# Your "I don't know what to do with this" compositions



## Marcin M (Aug 4, 2017)

Hey, I just wanted to ask You if You could share Your "no inspiration" tracks, that You started but didn't know how to expand idea and finish it, so track turned out to be vague.

I want to see if listener can say that composer of track he's currently listening, had no inspiration or no idea what to do.

It would help me with my studies.


I personally have 2 compositions like that, don't know if this thread will get any interest, if so I will post them here.


----------



## Rodney Money (Aug 4, 2017)

Here's you one:


----------



## Marcin M (Aug 5, 2017)

Rodney Money said:


> Here's you one:



Thank You for contribution, that solo cello sounds pretty good in my opinion.

I may be wrong, but for me it sounds like some cellist just sat down with his instrument and started improvising.



Well my uninspired composition is this, I came up with that short organ part in the beginning quite a time before I started composing it, so everything after 0:31 is just "I don't know what I'm doing"


----------



## JPQ (Aug 5, 2017)

I have many them such stored.
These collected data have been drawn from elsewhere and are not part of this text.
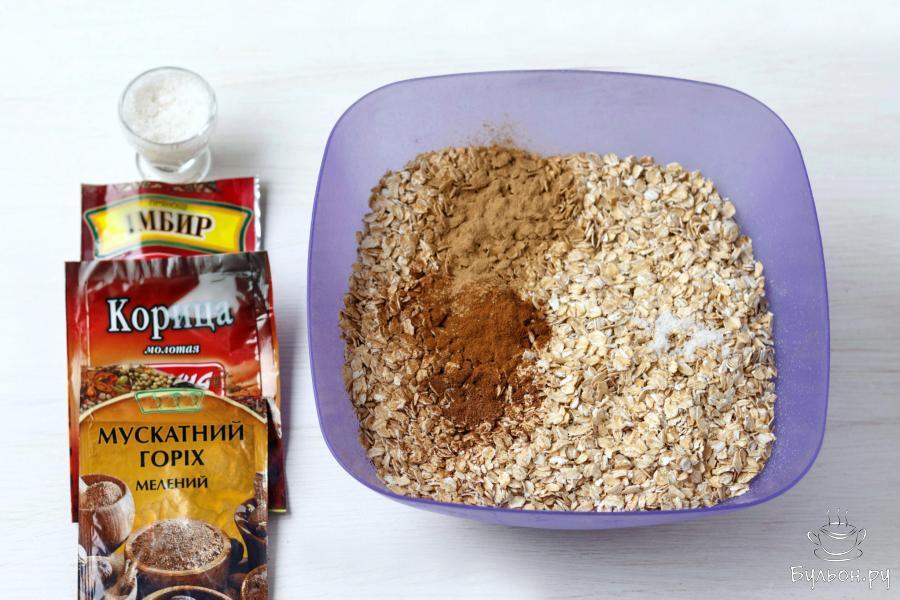 1. В миску отмерьте овсяные хлопья. Добавьте соль, молотую корицу, имбирь и мускатный орех. Тщательно все перемешайте.
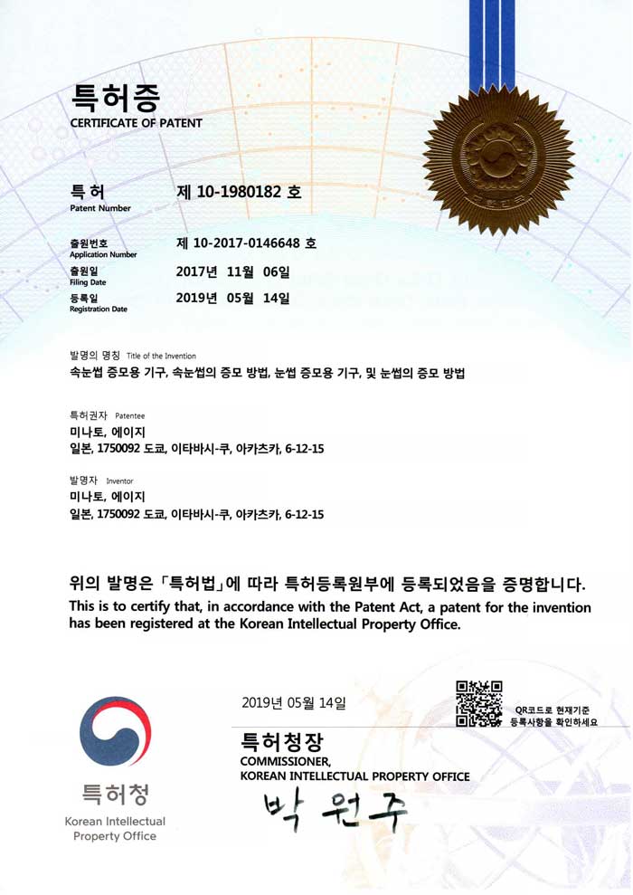 その増毛技術のパイオニアである湊英次が、十数年の歳月と、これまでのノウハウを積み重ね、この度まつ毛増毛における特許を取得いたしました。
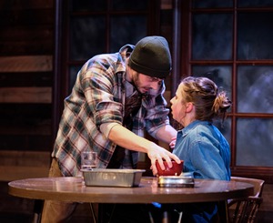 Brilliant Traces begins with a bangliterally. Runaway bride Rosanna DeLuce (Alyssa May Gold) is pounding on the cabin door belonging to Henry Harry (Blake Merriman), a social exile living somewhere in the Alaskan hinterland. Rosanna, still wearing her full bridal gown, veil, and satin slippers, barges in on Henry, who is enveloped in blankets and resembles a hibernating bear. She is a one-woman rampage, and in her opening monologue she is as blustery as the howling blizzard conditions outside. Overcome with exhaustion and the effects of quickly-downed whiskey, she finally passes out, and Henry calmly and gently undresses her and puts her to bed. When Rosanna wakes up (two days later), the two spar, commiserate, and finally reveal the extent of their pain that, as Rosanna explains, goes as deep as her DNA. For reasons that will not be divulged here, each is carrying the psychological scars of tragedy and sadness. The palpable, brilliant traces of these traumas have made them both flee as far as possible to avoid all future human intimacies. With dangerous whiteout conditions surrounding them and with no place to hide from each other in the one-room cabin (nicely designed by Matthew S. Crane and atmospherically lit by Paul T. Kennedy), the two will inevitably find solace, and perhaps salvation, in the comforting presence of another person. The play is most effective when it allows the characters to interact honestly and without literary pretenses. The setup is intriguing, and the ideas are worthy. Unfortunately, there are a few too many writerly excesses that undermine character development and narrative believability. For instance, there is a recurring reference to Rosanna's satin shoes that Henry burned in the broiler in an attempt to dry them. The mention of "cooking" her shoes, therefore, becomes a frequent (and increasingly unfunny) punchline, and then the shoes take on unwieldy and overly weighty symbolism. There are also moments in which the dialogue is a little too overwrought and overwritten. Lyrical allusions to out-of-body experiences, extraterrestrials, and heartbeats (which at one point is accompanied by a regrettable lighting effect) are at odds with the plain spoken characters. As the snowbound couple, Gold and Merriman do as well as they can with the material. In the original production directed by Terry Kinney the parts were performed by Joan Cusack and Kevin Anderson, who were quite memorable. I saw that production, and I remember that Cusack in particular was a force of nature. She beautifully captured the zaniness, sexiness, and heartbreak of the character. To get a sense of the way she simultaneously encapsulated the absurdity, anger, and sadness of the human condition in Brilliant Traces one need only look at the scene from the film In and Out in which her jilted character screams at the cosmos, "Is everybody gay?" Directed by Joshua Warr, Gold plays the character as much more grounded than her predecessor, and it works. She arms herself with steely toughness, but her vulnerability and self-proclaimed weakness emerge believably as she faces the overwhelming feelings of existential loneliness. In the far less showy role Merriman is a good foil for his uninvited houseguest. As the play progresses, he gradually sheds his aloofness, and we see the broken shell of a man underneath. His Henry is instinctually and preternaturally nurturing, and in his portrayal there are glimmers of hope even as the character tries to suppress them. Brilliant Traces reminds us that in our darkest times and in the remotest of places, human compassion and empathy can suddenly appear. In fact another unlovable loser might be right outside the door.
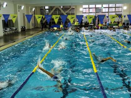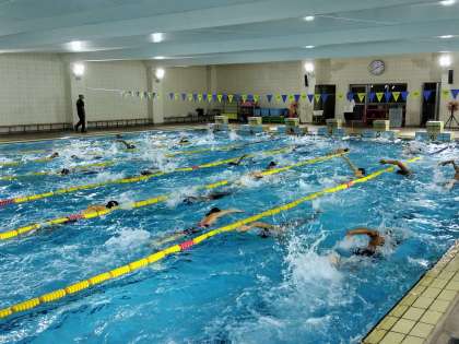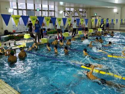 本日は上宮高校のプールをお借りして、合同練習を行っています。東、大淀、下福島、高倉、南の5校80人で練習しています。外は寒いですが、全員一生懸命泳いでいます。
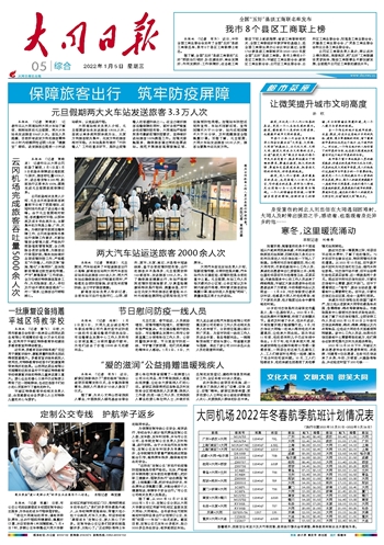 “前往大同南站的同学,请有序排队乘车,出示行程码和健康码,佩戴好口罩,并自觉保持1米间隔距离。”1月4日7时,多辆公交车停靠在大同大学御东校区和新平旺校区门口,等待即将返乡的学生们。“我们好多同学都是外地人,从学校转乘到高铁站,带着大包小包十分麻烦,打车又太贵。听说学校有‘寒假返乡’定制公交,家人放心了许多。定制专线公交让我们回家的路温暖许多,太贴心了。”正在排队等待上车的陈同学说。
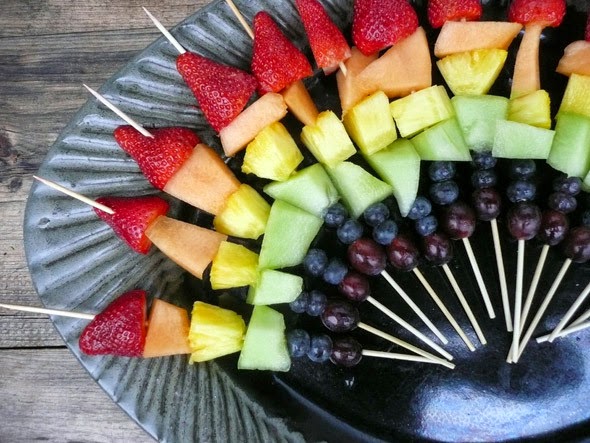 found hereMost of my kids actually LIKE cream cheese and cucumber sandwiches. But I'd probably make some pb&j versions as well.And some fruit-kebab rainbows . . .

Someday my ideas put to finish is goes easier when i get more soudns what i need my visions some things are simply impossible or way too hard to do even close with current tools. btw what sello is used in this tune Rodney Money ?


----------



## JPQ (Aug 5, 2017)

Marcin M: what organ this is ?


----------



## Svyato (Aug 5, 2017)

Here's two very short theme unusued.


----------



## J-M (Aug 5, 2017)

3/4 of the things I start end up as "no inspiration" tracks.


----------



## Rodney Money (Aug 5, 2017)

JPQ said:


> I have many them such stored. Someday my ideas put to finish is goes easier when i get more soudns what i need my visions some things are simply impossible or way too hard to do even close with current tools. btw what sello is used in this tune Rodney Money ?


Tina Guo.


----------



## Marcin M (Aug 5, 2017)

JPQ said:


> Marcin M: what organ this is ?



It's Kontakt Factory church organ



JPQ said:


> I have many them such stored. Someday my ideas put to finish is goes easier when i get more soudns what i need my visions some things are simply impossible or way too hard to do even close with current tools. btw what sello is used in this tune Rodney Money ?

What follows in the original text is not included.